This application began with the American Geographical Society Map Catalog Subject Entries and the U.S. Bureau of Reclamation Thesaurus of Water Resource Terms. The Theme Keyword Thesaurus for Geospatial Data is presented in association with geospatial metadata and bibliographic description of GIS data and other information in a variety of formats available from the USBR Mid Pacific Region server. Sources for terms included in the thesaurus are identified. URLs and links are provided when possible. Intended to be flexible and hospitable, the thesaurus may be extended by key terms from the thesauri (glossaries, definitions of terms, etc.) of the disciplines involved in the development of datasets and metadata at USBR.
The capture of a theme keyword list for digital or nondigital data is part of the preliminary documentation. Capture of keywords provides a subset of the thesaurus which becomes a list of keywords used in metadata for Mid Pacific geospatial datasets. At any time, the theme keyword list for a GIS dataset may be included as part of fully compliant metadata documentation. Assignment of key words may be done either in ArcView or ArcInfo. Searches using the theme keyword index are done in ArcView, or ArcInfo or via World Wide Web browsers such as Netscape or Mosaic.
Software: Implementation of the theme keyword thesaurus has been done in HTML, Avenue scripts, and Arc Macro Language (AML).
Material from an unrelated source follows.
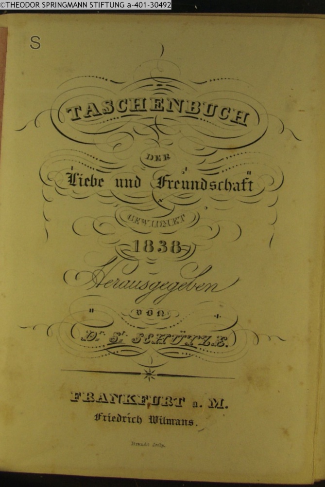 TASCHENBUCH / DER / Liebe und Freundschaft / GEWIDMET / 1838 / Herausgegeben / von / Dr. St. SCHÜTZE. / FRANKFURT a. M. / Friedrich Wilmans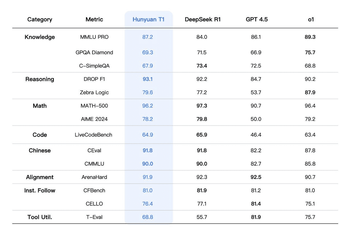 - In the AIME 2024 math test, Hunuyan T1 hit 78.2, which is on par with o1 and R1.

We have been working on a scheme to identify the thematic or subject content of GIS datasets and other information generated by USBR Mid Pacific Region that will comply with the keyword thesaurus requirements of the FGDC Content Standards for Geospatial Metadata with as little pain as possible. Compliance with the Content Standard has been hampered by all kinds of interesting issues, among which theme keywords probably don't get top priority for practitioners of GIS. Still, it has to be done.
Our thesaurus of theme or subject keywords is intended to be used to describe digital datasets and written materials created and used at the USBR Mid-Pacific Region. For producers of digital spatial datasets (a.k.a. GIS files) and written materials (reports and surveys), the thesaurus is meant to help in the selection of keywords for abstracting and indexing. Anyone searching for datasets or reports through the USBR Intranet or, eventually, the WWW will be encouraged to use the thesaurus as an aid to understanding the scope of what is available and to select terms to describe what they want. Subject searching is most successful when the query language matches the indexing.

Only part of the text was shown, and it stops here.